NVIDIA Kepler speculation thread

silent_guy · Feb 4, 2012

CarstenS said:
Right, they did - or PR'ed to do so, depending on your point of view.

#1 is actually, what they're accused of for a long time. Now imagine the possibilities, a new Physx version would open, fully optimized for modern multicore-CPUs (apart from distributing multiple particle emitters over a number of cores) and their advanced instruction sets. Wouldn't that make a system shine, which satisfies certain hw requirements in order for the new Physx stuff to work it's magic?

Unless they patch the game itself to do more work on both AMD and Nvidia to the point that the game becomes heavily CPU bound, it would still be a net increase in the demands on the GPU and thus a net loss in a comparative benchmark of existing games.

jimbo75 · Feb 4, 2012

Assuming they did a new multi-core optimised version wouldn't that give Bulldozer a leg up vs Sandy/Ivy Bridge lol.

CarstenS · Feb 4, 2012

silent_guy said:
Unless they patch the game itself to do more work on both AMD and Nvidia to the point that the game becomes heavily CPU bound, it would still be a net increase in the demands on the GPU and thus a net loss in a comparative benchmark of existing games.

I was talking - and that's purely hypothetical, mind you, and I don't have any insider info on this either! - about a new, optimized Physx version (maybe just a different path in a dll) for CPU-Physx that only gets utilized once an appropriate Nvidia-GPU is detected (i.e. Kepler). Having pseudo-opened Cuda recently, this would put them in a position to claim everybody can develop their own optimized version as an added value to their respective customers.

Again, I am not saying that this is going to happen, but rather that this is a scenario that could fit what Charlie's been describing.

edit: Yes, it's silly season

DarthShader · Feb 4, 2012

itsmydamnation said:
yep redirect code that was written for low thread count low latency processor to a high threaded high latency processor.............. what could possible go wrong/ how hard could it be //Clarkson

They can intercept the call to CPU version and insert the GPU version of the call. That's not hard if you own the whole ecosystem.
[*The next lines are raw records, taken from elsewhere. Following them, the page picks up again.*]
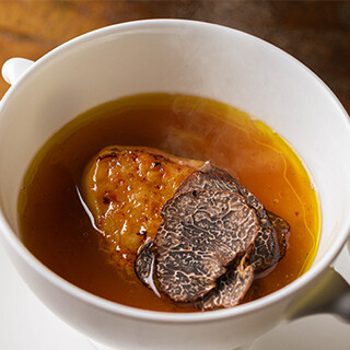 ...自家製黒胡麻七味 橙 *河豚のアラのスープ *(八寸) あん肝の時雨煮蕗の薹蕗味噌田楽(下に生麩、上に蕗味噌)車海老の生揚げと海老味噌 花山葵の醤油漬け 厚焼玉子 金柑チーズ(金柑甘露煮とブルーチーズとクリームチーズを合わせたもの)...
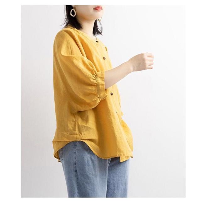 - イエローを注文しました鮮やかで見た通りの色でしたやはり素材は麻のような生地で洗濯したら軽く脱水したのですがシワが気になりました サイズもゆったりした感じなのでMを購入しましたが袖、着丈が商品紹介と違い少し短い様でしたが色が気に入ったので良かったです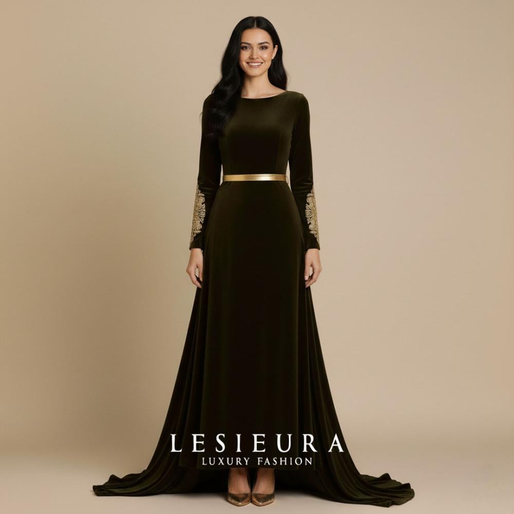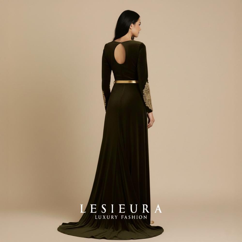 فستان إميرالد تحفة من المخمل الفاخر بلونه الزيتوني العميق، ينساب بانسيابية راقية ليعكس هدوء القوة وجمال التفاصيل المتقنة.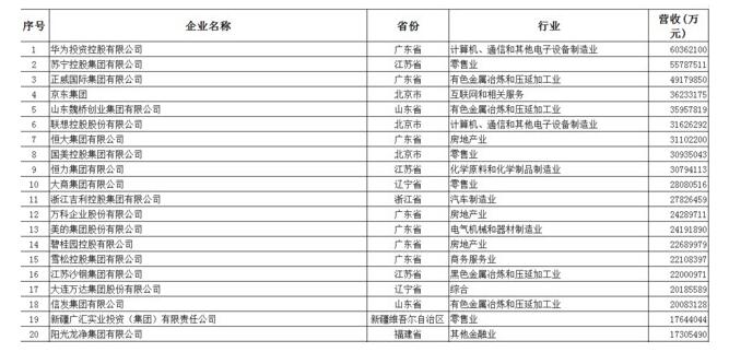 8月29日,全国工商联在辽宁发布2018年民营企业500强报告,华为技术有限公司以6036.21亿元的营业收入蝉联民营企业500强榜首,苏宁控股、正威国际,京东和山东魏桥排名二到五位。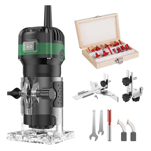 800W Oberfräse Holz Elektro Kantenfräse, 6-Gang Variable Geschwindigkeit 33000U/min Einhandfräse, 6,35mm Spannzange Holzfräse 15-teiligem Fräser-Set in Holzbox, Präzisions-Trimmer für Holzbearbeitung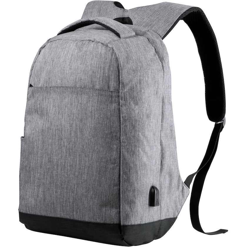 Rucksack mit Diebstahlsicherung. Innen befindet sich ein gepolstertes Fach, das Platz für die meisten 15 Zoll Laptops bietet, sowie ein gepolstertes Fach für 12 Zoll Tablets. Der Rücken und Schulterriemen sind gepolstert.

PS. Given how PhysX used to be doen on x87 and probably still doesn't use vector SSE instructions I kinda doubt there is "low thread count low latency" version at all.

Sxotty · Feb 4, 2012

Silent_Buddha said:
Sure, and the 30 watts I save on my CPU isn't much. And the 10 watts I save on each light bulb aren't much. And the 40 or 50 watts I save on the refrigerator might not be much.

If I ignore all of those and discount them as "not much" then at the end of the year I save 0 dollars.

Power savings converted to monetary savings has NEVER been about 1 large lump of electrical savings from 1 item. It's about the combined savings from multiple items.

Just from the computer alone I save over 100 watts in power due to choice of components without sacrificing much performance. A few watts from MB choice. A little bit from low voltage memory (lucky to get it on sale). A big chunk from video card. Another large chunk from CPU. A few watts from HDDs. And then a percentage of all that from the PSU. Passive cooling when able (no power used by fans), etc.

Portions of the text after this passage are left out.